Trade shows is a traditionally conservative industry. It is one that, in Japan at least, according to the Financial Times, has traditionally depended on face-to-face interactions and fax machines to place orders. 

However, major changes are taking place as manufacturers respond to the restrictions imposed by the pandemic.

Virtual platforms at trade shows

For instance, Japanese maker of bathroom and kitchen fixtures, fittings and building materials, LIXIL, is switching to digital showrooms. This is in the expectation that most of its post-Covid customers will use virtual platforms.

For trade shows, that has meant the introduction of online video sessions with customers and subsequent investment in technology such as augmented reality. In the case of LIXIL, for example, it opted not to attend a major two-week trade show in Germany and instead invest the money it would have spent there in creating a virtual platform called GROHE X. This falls under the auspice of its GROHE brand and has the advantage of being accessible at any time.
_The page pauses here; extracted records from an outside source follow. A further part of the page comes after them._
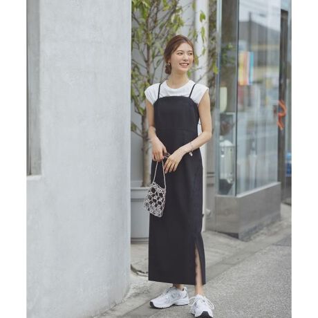 胸元とスリット部分に繊細なレースをあしらったキャミタイプのジャンパースカート。レースからのぞくスリットが愛らしいポイントです。カーディガンやシアーシャツを羽織ったり、コンパクトなTシャツともレイヤードが可能。肩紐はリボンを結ぶと長さ調整ができます。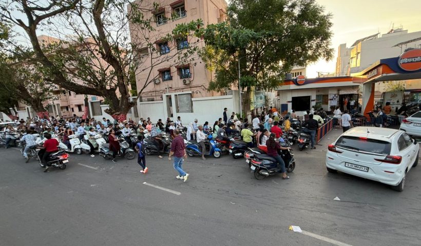 View More 24 કલાકમાં વેચાતુ પેટ્રોલ પાંચ કલાકમાં જ વેંચાઇ ગયું, અનેક પંપોમાં સ્ટોક ખલાસસતત બીજા દિવસે પંપો ઉપર લાઇનો, લોકો કેરબા-ખાલી ડબા લઇને પહોંચ્યા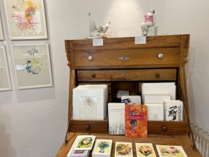 Eine lebensgroße Holzskulptur, aus deren Mitte ein Baum hervor wächst, der sie zusammenhält, steht im Schaufenster mit Blick auf den Marktplatz. Neben ihr steht eine Tänzerin in rotem Rock und schwarzem Pullover und nähert sich langsam der Skulptur. Diese und die Malerei im Musikladen in der Kirchgasse 2 in Bärenstein stammen von Mario Nitschke. Landschaften, Orte und Figürliches, von konkret, kubistisch bis surreal, in leuchtenden, erdigen und meerblauen Farbtönen, die angeregt sind von Lionel Feininger und Salvatore Dalí, zeigt er in dem neuen Veranstaltungsraum. „Es ist eine Reise in Bildern von Bärenstein bis an die Küste und nach Forst in der Lausitz“, sagt Mario Nitschke, der dort aufwuchs, seit 1999 freiberuflich als Maler und Bildhauer in Bärenstein lebt und seit einer Weile als Praxisberater in der Oberschule Geising tätig ist, u.a. den Marktbrunnen in Bärenstein gestaltete.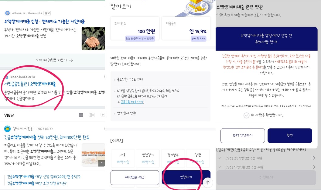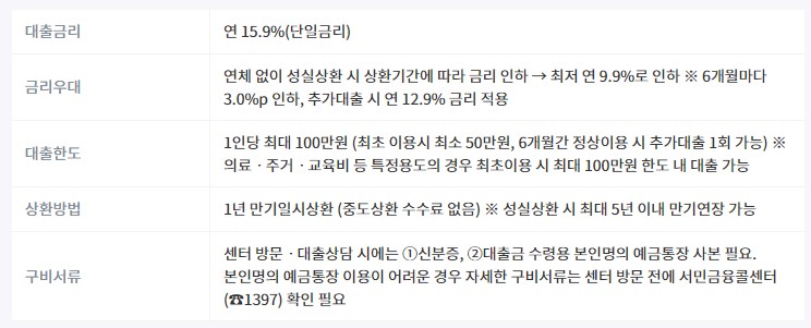 지속되는 금리인상과 그렇지 못한 월급, 그리고 이미 받았던 기존 대출들로 인하여 추가적인 소액 급전이 필요할 때 막막한 분들이 많으실 겁니다. 특히 이런 상황에 처해있는 분들은 대부분 저신용자에 해당되실 겁니다. 돈은 은행이나 대부에서 빌려야 한다는 고정관념으로 금리가 비싼 줄 알면서도 당장 생계에 지장이 생기어 방법을 찾기보다 눈에 보이는 쉬운 방법부터 찾아 결국에는 과도한 빚으로 악의 순환고리를 끊기 어려우실 거라고 생각합니다. 또한 과도한 빚으로 이미 대부업조차 이용이 어려워 불법사금융까지 생각하는 붙들고 계실 겁니다. 그런 분들을 위해 서민금융진흥원에서 소액생계대출이라는 상품을 내놓았습니다. 최대한도는 100만 원에 연 15.9%라는 금리로 나온 상품으로 절대 적은 금리는 아니지만 교육 및 성실상환 조건으로 최대 9.4%라는 이율까지 적용하여 사용가능하니 알아보심이 좋겠습니다. 보다 자세히 알려드리자면 아래 표를 참고해 주시면 됩니다. 불법사금융에서 일수로 이자를 납입하여 더 큰 빚이 생기는 것보다는 조금 높더라도 인증된 기관에서 받는 것이 악의 순환고리에서 조금 벗어날 수 있는 방법이 아닐까 생각합니다.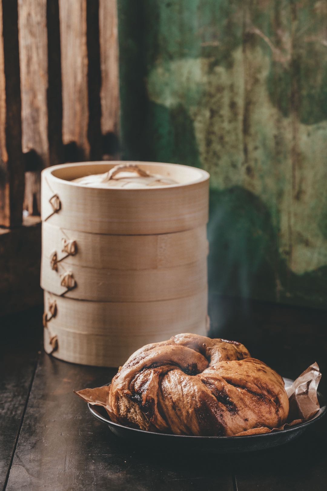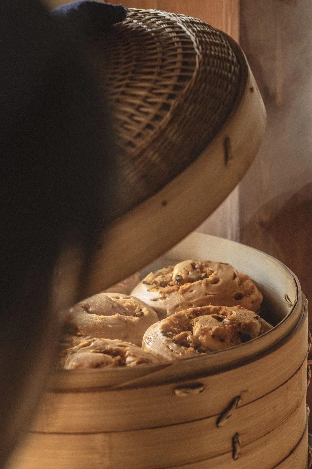 蒸汽将麦子和荷叶的香气,加上红糖、枣泥的味道从面分子中一点点逼透出来,馒头逐渐膨胀起来。

Company reaps the benefits

With 70,000 views in the first week following its launch and 4,000 appointments with customers around the world – including architects, designers and plumbers – GROHE X has been “a massive game-changer”, says a LIXIL regional marketing leader.

Use of 3D images and augmented reality in digital showrooms enables customers to explore a wider variety of kitchen and toilet designs than would be available in a physical showroom. 

“This type of platform [GROHE X] is very efficient, much faster, much more scalable and more tailored than a traditional trade show,” said Gerhard Sturm, MENA Marketing Leader at LIXIL.